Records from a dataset
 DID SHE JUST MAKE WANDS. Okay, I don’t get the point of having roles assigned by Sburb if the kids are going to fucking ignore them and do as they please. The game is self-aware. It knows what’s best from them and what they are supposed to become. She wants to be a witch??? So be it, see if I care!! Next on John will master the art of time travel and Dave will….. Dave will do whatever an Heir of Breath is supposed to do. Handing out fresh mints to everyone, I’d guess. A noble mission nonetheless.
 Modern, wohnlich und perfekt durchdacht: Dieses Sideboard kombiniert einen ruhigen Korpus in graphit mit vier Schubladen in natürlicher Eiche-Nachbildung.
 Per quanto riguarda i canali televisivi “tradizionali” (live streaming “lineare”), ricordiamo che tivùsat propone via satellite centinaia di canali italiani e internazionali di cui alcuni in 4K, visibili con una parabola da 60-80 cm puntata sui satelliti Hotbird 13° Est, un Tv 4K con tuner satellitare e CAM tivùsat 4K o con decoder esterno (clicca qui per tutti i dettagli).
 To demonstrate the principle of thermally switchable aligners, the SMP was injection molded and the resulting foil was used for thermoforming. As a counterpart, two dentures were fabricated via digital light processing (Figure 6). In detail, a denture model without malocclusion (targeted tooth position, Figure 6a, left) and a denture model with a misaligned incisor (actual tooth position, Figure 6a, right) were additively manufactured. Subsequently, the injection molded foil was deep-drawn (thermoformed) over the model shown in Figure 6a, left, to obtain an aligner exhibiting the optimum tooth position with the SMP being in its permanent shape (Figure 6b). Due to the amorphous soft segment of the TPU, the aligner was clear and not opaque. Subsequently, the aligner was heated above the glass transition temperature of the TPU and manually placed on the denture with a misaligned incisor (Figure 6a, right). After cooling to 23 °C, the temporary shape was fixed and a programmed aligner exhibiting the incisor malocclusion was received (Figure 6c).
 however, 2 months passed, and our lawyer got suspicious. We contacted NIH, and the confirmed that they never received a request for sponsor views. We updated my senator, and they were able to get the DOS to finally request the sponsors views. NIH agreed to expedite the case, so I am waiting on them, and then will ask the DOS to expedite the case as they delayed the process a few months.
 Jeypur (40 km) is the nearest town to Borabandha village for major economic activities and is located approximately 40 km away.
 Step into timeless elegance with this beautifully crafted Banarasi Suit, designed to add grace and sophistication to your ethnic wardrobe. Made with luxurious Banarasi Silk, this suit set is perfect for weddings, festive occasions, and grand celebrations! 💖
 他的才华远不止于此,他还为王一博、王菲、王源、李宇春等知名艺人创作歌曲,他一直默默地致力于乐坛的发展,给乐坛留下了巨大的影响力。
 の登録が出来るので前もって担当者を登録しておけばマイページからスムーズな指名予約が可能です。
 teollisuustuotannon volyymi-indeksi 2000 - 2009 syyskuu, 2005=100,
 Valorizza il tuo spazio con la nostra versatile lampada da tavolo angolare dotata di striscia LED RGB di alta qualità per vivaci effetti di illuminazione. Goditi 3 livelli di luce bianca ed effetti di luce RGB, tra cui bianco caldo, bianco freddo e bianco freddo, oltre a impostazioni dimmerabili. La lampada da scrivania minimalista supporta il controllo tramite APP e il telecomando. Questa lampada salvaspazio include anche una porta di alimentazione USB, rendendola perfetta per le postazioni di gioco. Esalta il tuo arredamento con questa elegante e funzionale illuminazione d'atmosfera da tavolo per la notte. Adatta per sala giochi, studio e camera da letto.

**Assignment:** Take the entries above and write them out again unchanged.

**Answer space:**
 DID SHE JUST MAKE WANDS. Okay, I don’t get the point of having roles assigned by Sburb if the kids are going to fucking ignore them and do as they please. The game is self-aware. It knows what’s best from them and what they are supposed to become. She wants to be a witch??? So be it, see if I care!! Next on John will master the art of time travel and Dave will….. Dave will do whatever an Heir of Breath is supposed to do. Handing out fresh mints to everyone, I’d guess. A noble mission nonetheless.
 Modern, wohnlich und perfekt durchdacht: Dieses Sideboard kombiniert einen ruhigen Korpus in graphit mit vier Schubladen in natürlicher Eiche-Nachbildung.
 Per quanto riguarda i canali televisivi “tradizionali” (live streaming “lineare”), ricordiamo che tivùsat propone via satellite centinaia di canali italiani e internazionali di cui alcuni in 4K, visibili con una parabola da 60-80 cm puntata sui satelliti Hotbird 13° Est, un Tv 4K con tuner satellitare e CAM tivùsat 4K o con decoder esterno (clicca qui per tutti i dettagli).
 To demonstrate the principle of thermally switchable aligners, the SMP was injection molded and the resulting foil was used for thermoforming. As a counterpart, two dentures were fabricated via digital light processing (Figure 6). In detail, a denture model without malocclusion (targeted tooth position, Figure 6a, left) and a denture model with a misaligned incisor (actual tooth position, Figure 6a, right) were additively manufactured. Subsequently, the injection molded foil was deep-drawn (thermoformed) over the model shown in Figure 6a, left, to obtain an aligner exhibiting the optimum tooth position with the SMP being in its permanent shape (Figure 6b). Due to the amorphous soft segment of the TPU, the aligner was clear and not opaque. Subsequently, the aligner was heated above the glass transition temperature of the TPU and manually placed on the denture with a misaligned incisor (Figure 6a, right). After cooling to 23 °C, the temporary shape was fixed and a programmed aligner exhibiting the incisor malocclusion was received (Figure 6c).
 however, 2 months passed, and our lawyer got suspicious. We contacted NIH, and the confirmed that they never received a request for sponsor views. We updated my senator, and they were able to get the DOS to finally request the sponsors views. NIH agreed to expedite the case, so I am waiting on them, and then will ask the DOS to expedite the case as they delayed the process a few months.
 Jeypur (40 km) is the nearest town to Borabandha village for major economic activities and is located approximately 40 km away.
 Step into timeless elegance with this beautifully crafted Banarasi Suit, designed to add grace and sophistication to your ethnic wardrobe. Made with luxurious Banarasi Silk, this suit set is perfect for weddings, festive occasions, and grand celebrations! 💖
 他的才华远不止于此,他还为王一博、王菲、王源、李宇春等知名艺人创作歌曲,他一直默默地致力于乐坛的发展,给乐坛留下了巨大的影响力。
 の登録が出来るので前もって担当者を登録しておけばマイページからスムーズな指名予約が可能です。
 teollisuustuotannon volyymi-indeksi 2000 - 2009 syyskuu, 2005=100,
 Valorizza il tuo spazio con la nostra versatile lampada da tavolo angolare dotata di striscia LED RGB di alta qualità per vivaci effetti di illuminazione. Goditi 3 livelli di luce bianca ed effetti di luce RGB, tra cui bianco caldo, bianco freddo e bianco freddo, oltre a impostazioni dimmerabili. La lampada da scrivania minimalista supporta il controllo tramite APP e il telecomando. Questa lampada salvaspazio include anche una porta di alimentazione USB, rendendola perfetta per le postazioni di gioco. Esalta il tuo arredamento con questa elegante e funzionale illuminazione d'atmosfera da tavolo per la notte. Adatta per sala giochi, studio e camera da letto.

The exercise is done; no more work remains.